Por fim, mas não menos importante, a produção de livros demanda a utilização de commodities, especificamente papel e celulose. Como é de conhecimento público, a definição do preço desses bens segue o mercado-internacional, além disso, em contexto de desvalorização da moeda nacional a exportação torna-se ainda mais interessante para produtores. Ou seja, a matéria-prima para produção de livro é mais um fator que pressiona os preços. A título ilustrativo, apresentamos um número, o Índice Geral de Preços a Mercado (IGP-M) calculado pela Fundação Getúlio Vargas, entre maio de 2020 e abril registra uma alta de 32,02%. Mais uma fonte para preços altos, certo?
Acredito ter apresentado elementos para que os leitores avaliem se os (altos) preços refletem a produção desse item!

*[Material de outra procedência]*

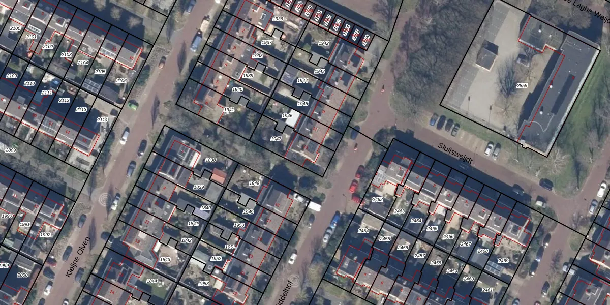 Het perceel waarop Middelhof 13 staat heeft een oppervlakte van 250 m². Dit is een middelgroot perceel. De perceeloppervlakte wordt geregistreerd door het Kadaster. Gedetailleerde informatie over de maten van dit perceel kunt u vinden in het rapport Kadastrale kaart met maatvoering van Middelhof 13.
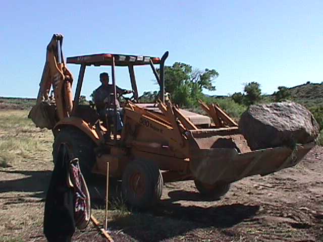 5.jpg (49255 bytes) 3.  Backhoe operator James Poet, retrieves the first of hundreds of rocks that will be needed to complete the
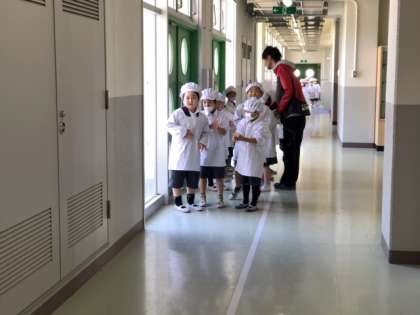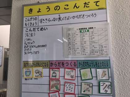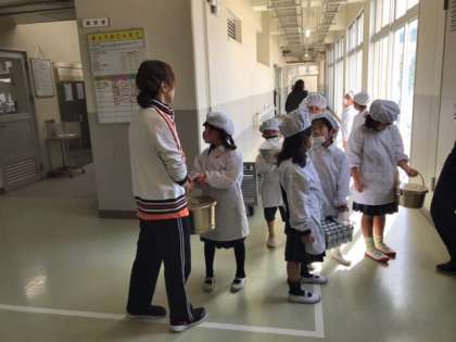 自分たちで質問して答えるところが可愛らしい、給食準備の風景です。

Antes que ressentidos se apropriem e/ou desvirtuem esse texto: não, livro não é coisa de rico! O supracitado PNLD possibilita que bibliotecas propiciem acesso a material de didático e leitura complementares. Como quem avisa amigo é, caso ainda haja insistência em acabar com isenção de livros, antecipo: preparem-se para as reclamações de Prefeitos quando o referido programa entregar menos material didático, e os livros para o vestibular sumirem das bibliotecas públicas.
Tatiana Chicareli says:
Prezado Fábio,
Primeiramente gostaria de dar os parabéns oficialmente pelo site. Acho os textos muito interessantes!
No caso dos livros, acho que há uma inversão de valores quando se fala que o livro no Brasil é caro. Comparado a outros artigos de consumo que a maior parte da população consome, são relativamente baratos. Não pretendo me aprofundar nessa discussão, só queria colocar a o ponto de vista de quem mora fora, e que os preços de livros aqui na Alemanha são igualmente “valorizados”. Em média custa um livro de capa mole e edição mais compacta (similar a edição de bolso) 10 Euros. Livros de capa dura entre 20 e 30 Euros.
Creio que a existência dos e-Books como alternativa ao livro impresso é válida. Normalmente as edições eletrônicas tem um preço mais acessivel e permitem a leitura em vários aparelhos eletrônicos. Para mim, que não tenho oportunidade de comprar frequentemente livros físicos publicados no Brasil, é uma ótima solução para manter a leitura em português em dia.
Enfim, a questão do preço me parece muito mais uma justificativa falha para a vitimização da população que diz não ler porque não “pode”. Ler não é coisa de rico, nem de gente abastada, mas certamente o gargalo educacional da população brasileira tem uma parcela de culpa no não incentivo à leitura.